EXERCISE INSTRUCTIONS:
Each entry that follows should be set down precisely, with its pictures removed.

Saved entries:
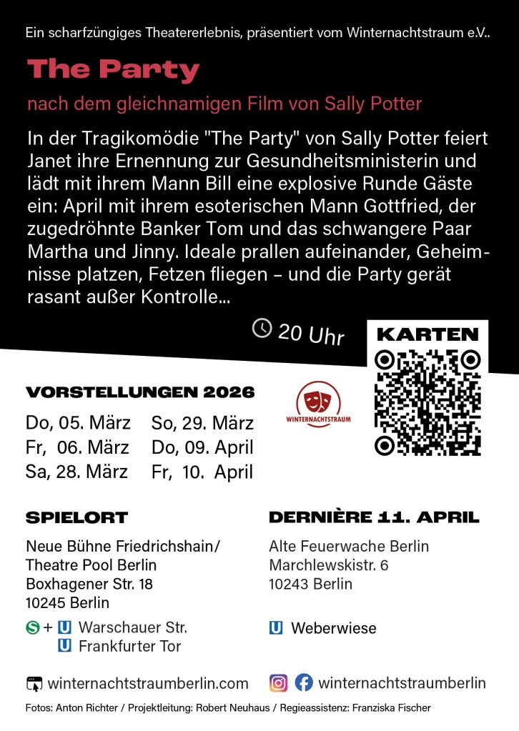 Wir sind ein Theaterverein aus dem Herzen Berlins und führen Theaterstücke mit unserem leidenschaftlichen Ensemble auf.
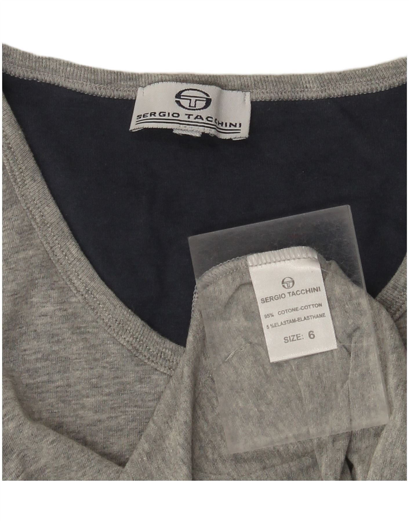 - Descriere AI: Acest tricou cu grafic pentru femei Sergio Tacchini este confectionat dintr-un amestec moale de jerseu din bumbac elastan. Oferă confort și elasticitate pentru purtare activă. Corpul gri are un decolteu rotund și mâneci scurte. Un model distinctiv de blocuri de culoare cu accente de albastru și alb pe un umăr. Potrivirea regulată asigură o mișcare ușoară. Un detaliu subtil de logo completează acest design sportiv.
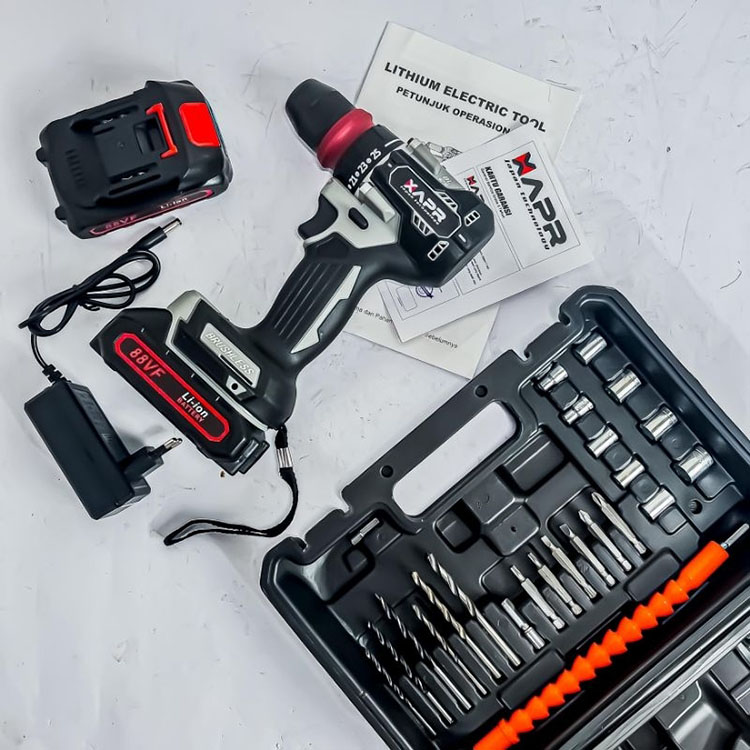 PROMO TERBAIK APR bor brushless AP24+ driver 10mm keyless auto lock fullset accecoris mesin bor cordless 2 baterai lxt 8
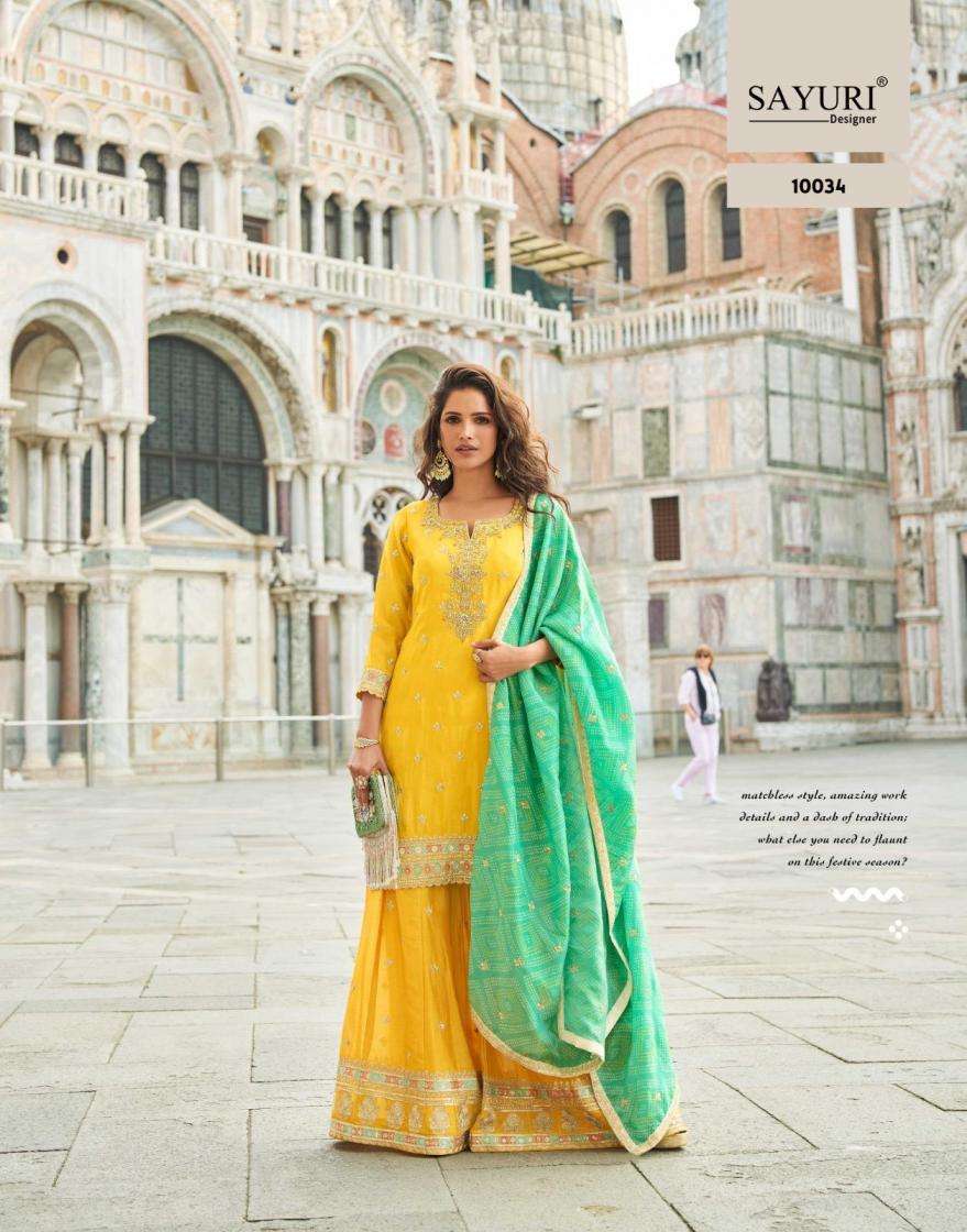 | Name: | Sayuri Designer Presents Taj Simar Silk Readymade Exclusive Sharara Kurti Dupatta |
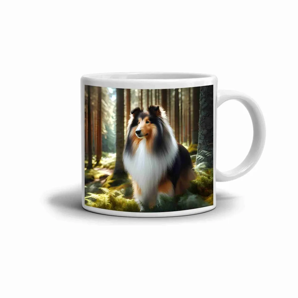 A bögre motívuma egy hosszú szőrű, elegáns kutyát ábrázol, aki békésen áll a napsütötte erdőben. A fák között átszűrődő fény meleg, harmonikus hangulatot teremt, amely nyugalmat és természetes szépséget sugall. Az egész motívum kiegyensúlyozott és barátságos, örömet okoz minden természet- és állatkedvelőnek.

ANSWER FOR THIS EXERCISE:
 Wir sind ein Theaterverein aus dem Herzen Berlins und führen Theaterstücke mit unserem leidenschaftlichen Ensemble auf.
 - Descriere AI: Acest tricou cu grafic pentru femei Sergio Tacchini este confectionat dintr-un amestec moale de jerseu din bumbac elastan. Oferă confort și elasticitate pentru purtare activă. Corpul gri are un decolteu rotund și mâneci scurte. Un model distinctiv de blocuri de culoare cu accente de albastru și alb pe un umăr. Potrivirea regulată asigură o mișcare ușoară. Un detaliu subtil de logo completează acest design sportiv.
 PROMO TERBAIK APR bor brushless AP24+ driver 10mm keyless auto lock fullset accecoris mesin bor cordless 2 baterai lxt 8
 | Name: | Sayuri Designer Presents Taj Simar Silk Readymade Exclusive Sharara Kurti Dupatta |
 A bögre motívuma egy hosszú szőrű, elegáns kutyát ábrázol, aki békésen áll a napsütötte erdőben. A fák között átszűrődő fény meleg, harmonikus hangulatot teremt, amely nyugalmat és természetes szépséget sugall. Az egész motívum kiegyensúlyozott és barátságos, örömet okoz minden természet- és állatkedvelőnek.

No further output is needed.